Secerno representatives showed that the new and “improved” standard does not address real threats effectively:

“The PCI Data Security Standard has the best intentions but, as is the case with many compliance directives, it barely addresses the most immediate and upcoming threats to consumer data,” said Paul Davie, founder of Secerno.

“It is generally inadequate for addressing the sort of internal threat that can be exploited easily, such as by general or privileged users.”

Other than completely ignoring ill willed insiders, the PCI standard also fails to regulate data encryption requirements, database security policies, measures of protecting data on private networks.

Virgin Media Loses Unencrypted CD with Customer Data

Virgin Media, the branch of Richard Branson’s empire operating in the entertainment and communications fields, has recently disclosed the loss of an unencrypted computer disc containing bank account details of 3000 UK customers.

The data loss was discovered on May 29th, and according to Virgin Media, the CD also contained names and addresses of customers. According to Finextra.com, the breach affects customers that signed up to Virgin Media services in Carphone Warehouse stores from January this year. Company representatives don’t know why the data was burned onto a CD to begin with, as the company policy stated that secure FTP transfers should be used instead of CDs.

In a statement a Virgin Media spokesperson says: “We have been working with the Information Commissioners’ Office on this matter and we are in the process of contacting all of the affected customers to ensure we meet our responsibilities and fully support them through this process.”

Virgin Media says it is now conducting a review of its data protection policies and practices.

Insurance Files Found in Dumpster

It looks like insurance companies also fail to rank high when it comes to security. While one would expect any data provided to such a company to remain private, it so happens that in Richardson insurance files may as well be found in the dumpster.

That was the case of an incident taking place a little while ago when hundreds of such files containing names, social security numbers and policy numbers were found in a Richardson dumpster. As WFAA.com who covered the story notes, it was quite a treasure waiting to be discovered by identity thieves.

Who found the files? Two men, one looking for boxes to move and another one driving by, who saw the first one taking pictures of the dumpster in question.

The files were dumped here by a company called Texas Insurance Claims Services which processes people’s claims.

We asked the owner why he threw them away. He wouldn’t go on camera but said he was only required to keep the files five years and could then toss them.

The company says it sometimes uses commercial shredding services but decided not to do so this time. Authorities say it’s not unusual for criminals to dumpster dive to look for ways to get personnel information that they can use to illegally run up huge bills.

Sensitive Data of Healthcare and Airline Companies found in Argentina and Malaysia

Researchers at Finjan have recently discovered 500 megabytes of confidential data on servers located in Argentina and Malaysia. The private records contained Citrix single sign-on credentials for accessing patient and financial data at a major U.S. hospital and major healthcare organization and also credentials for accessing a large U.S. airline carrier’s passenger and cargo lists, flight schedules, security measures, and financial data.

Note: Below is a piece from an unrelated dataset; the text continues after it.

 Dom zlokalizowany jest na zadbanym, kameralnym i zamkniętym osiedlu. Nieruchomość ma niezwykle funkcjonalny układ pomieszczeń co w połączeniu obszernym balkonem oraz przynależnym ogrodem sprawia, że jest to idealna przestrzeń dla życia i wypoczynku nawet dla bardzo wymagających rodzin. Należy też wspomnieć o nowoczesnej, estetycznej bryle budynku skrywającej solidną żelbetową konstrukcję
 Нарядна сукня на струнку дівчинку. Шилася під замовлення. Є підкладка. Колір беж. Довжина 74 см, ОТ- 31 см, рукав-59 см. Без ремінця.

According to DarkReading quoting Yuval Ben-Itzhak, CTO of Finjan, the Finjan research findings shows criminals are shifting focus to different data that they can easily steal and effectively sell to the highest bidder.

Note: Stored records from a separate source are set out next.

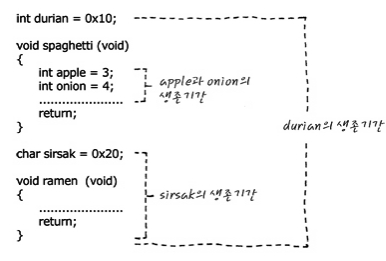 보통 Local, Global variable이라고들 부르는 용어가 있는데, 이는 변수의 scope와 생존기간을 모두 포함한다고 하여, 별로 좋아하지 않는 사람들도 있습니다만, 이 변수의 구분이 상당히 reasonable하면서도 간단하여, 저는 상당히 선호하는 편이에요. 이제부터 scope = 생존기간이라고 생각하셔도 무방 합니다요.
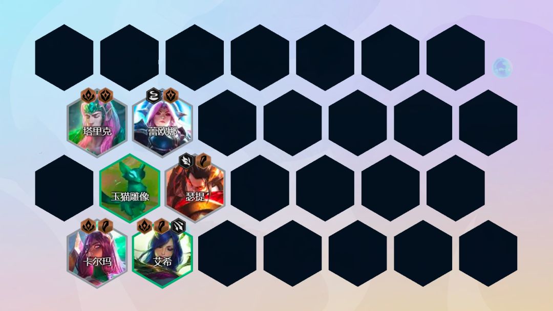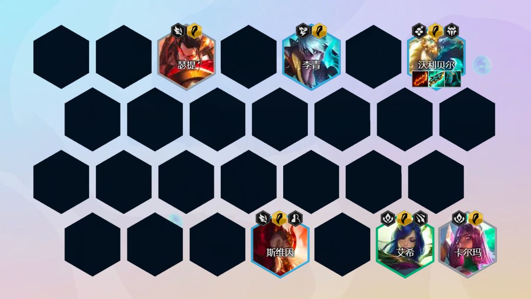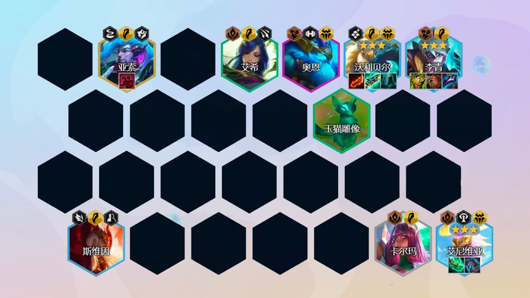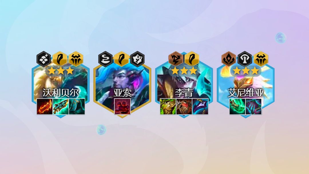 阵容组成:艾希、沃利贝尔、艾尼维亚、斯维因、李青、奥恩、亚索、妮蔻/卡尔玛(有神龙纹章换妮蔻)
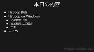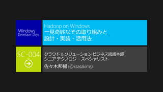 Windows Developer Daysで使ったHadoop on Windows (Server|Azure)紹介資料です。「設計・実装・活用法」というタイトルとは裏腹にただの概要紹介になってしまったので、もう少しましなものを作りたいと思っています・・・
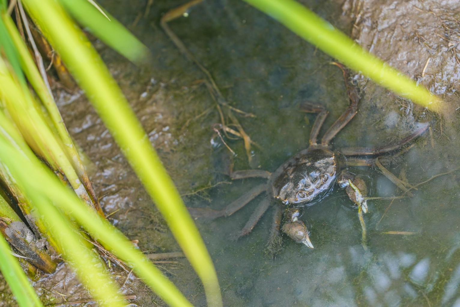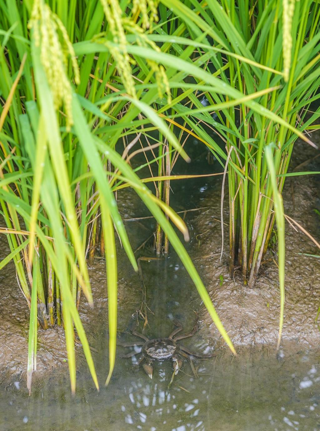 眼前200多亩水稻,绿油油一望无际。细观察,这一大片地被人为划分成了几小块,每一块的地头,还立着牌子,上面有“螃蟹”“小龙虾”“鱼”的字样和图案。再低头看看,嘿!这些小家伙儿正在稻田里活动呢,看到人来,胆小的会潜入水中,胆大的被记者的镜头成功捕捉。
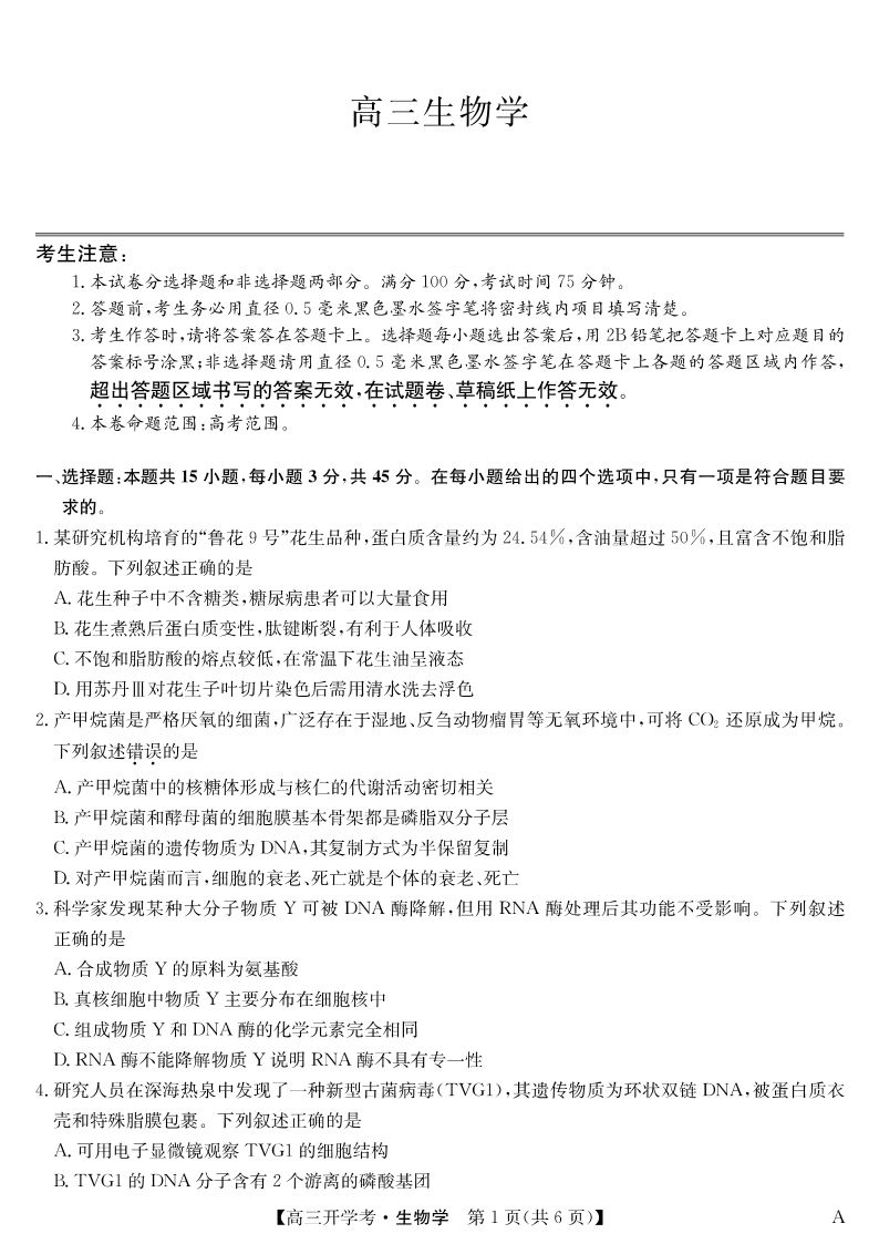 安徽省九师联盟2026届高三9月开学联考 生物.pdf
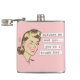 Well made flask, a little better than I had expected. Flask came in clear plastic box which gave it a nice presentation when I took it out of the zazzle packaging. Image is not printed on flask but on sticker. Don't know how this will hold up I haven't used it yet. This would make a Great gift! I plan to purchase more for friends! Cheers. I thought a little brighter than computer. Very crisp, writing wasn't

“It’s supply and demand. The fact is these people are now going after data that’s different from [the standard] credit card and SSN,” Ben-Itzhak says. “A year ago, a [stolen] credit card was $100. Now you can get one for $10-$20 a card.”

But that doesn’t mean cybercriminals still aren’t pilfering credit card data, other security experts argue. “I don’t think there is a shift in cybercriminals stealing data other than credit card numbers. The stolen data from popular and mainstream Trojans is mainly grabbed via keylogging — everything is captured, [and] then the wheat is separated from the chaff,” says Guillaume Lovet, senior manager for Fortinet’s Threat Response Team.